Montag, 17. Juli 2017

Nachtrag zu Otto Freundlich.

 
Sphärischer Körper, 1924

Die Neue Zürcher bringt heute einen Bericht von Maria Becker zur Otto-Freundlich-Retrospektive in Basel. Daraus ein paar Stellen:

...Wie ein roter Faden zieht sich durch sein Leben, dass er Mitgliedschaften in künstlerischen und politischen Vereinigungen kündigte. Er war der Auffassung, dass seine Arbeit erst von künftigen Generationen verstanden werden könne.

Freundlich setzte selbst Zäsuren, um seine künstlerische Vision zu gestalten. So entstehen die Farbprismen seiner abstrakten Bilder seit den zwanziger Jahren aus einem persönlichen Erweckungserlebnis. Freundlich war fasziniert von der mystischen Strahlkraft und der Handwerkskunst der mittelalterlichen Glasfenster und wohnte 1914 ein halbes Jahr im Nordturm der Kathedrale von Chartres. ...

 Komposition um 1932.

Die Erfahrung von Chartres hatte Freundlich bewusstgemacht, dass er in seiner Kunst eine kosmische Ordnung gestalten wollte, die Architektur und Farbe verbindet. Es muss für ihn eine Befreiung und Öffnung gewesen sein, weg von der Erdenschwere und Dunkelheit der früheren Plastiken und Bilder. Die Prismen sind aufgesplitterte Formen der Welt. An ihnen wird eine Art Dechiffrierung der Erscheinungen sichtbar, hinter der nicht nur ein geistiges Prinzip, sondern naturwissenschaftliche Erkenntnisse stehen. Es war nicht so sehr eine Frage der Abstraktion, deren Dogmatik Freundlich nicht für sich in Anspruch nahm. Eher steht hinter den Bildern und Mosaiken der dreissiger Jahre ein Impuls, Materie in eine überpersönliche Vision zu transformieren.
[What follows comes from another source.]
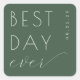 This wedding sticker features a minimalist design with a dark green background and white text, creating a striking contrast. The phrase "BEST DAY ever" is prominently displayed in bold uppercase letters combined with elegant cursive script, conveying a sense of celebration and joy. The layout is clean and modern, emphasizing simplicity and sophistication. Perfect for marking special occasions, this sticker adds a touch of elegance to any event.

Die visionäre Tendenz von Freundlichs Kunst zeigt sich allerdings nicht allein am Spätwerk. Sie ist ein Grundzug seines künstlerischen Antriebs. Die frühen Plastiken – Maskenporträts und archaisch anmutende, monumentale Köpfe – sind kraftvolle Arbeiten, die hinter dem malerischen Werk nicht zurückstehen. Geschlossenheit und ein fast tragisch grundierter Ausdruck sind ihnen eigen. Freundlich nahm – wie viele Künstler seiner Zeit – Einflüsse der aussereuropäischen Kunst in sein Schaffen auf, die sich mit kubistischen und expressiven Vorbildern verbinden. ...

Kosmisches Auge 1921

Nota. - Kunsthistorisch spielt es eine Rolle, ob sich ein Maler bei seiner ästhetischen Wahl von außerästhetischen thema- tischen und programmatischen Motiven hat leiten lassen oder nicht. Für die ästhetische Betrachtung kommt aber nur in Betracht, was jedermann mit eigenen Augen sehen kann, ohne vorher theoretische Manifeste studiert zu haben. Das gilt für Otto Freundlich genauso wie für Wassili Kandinsky.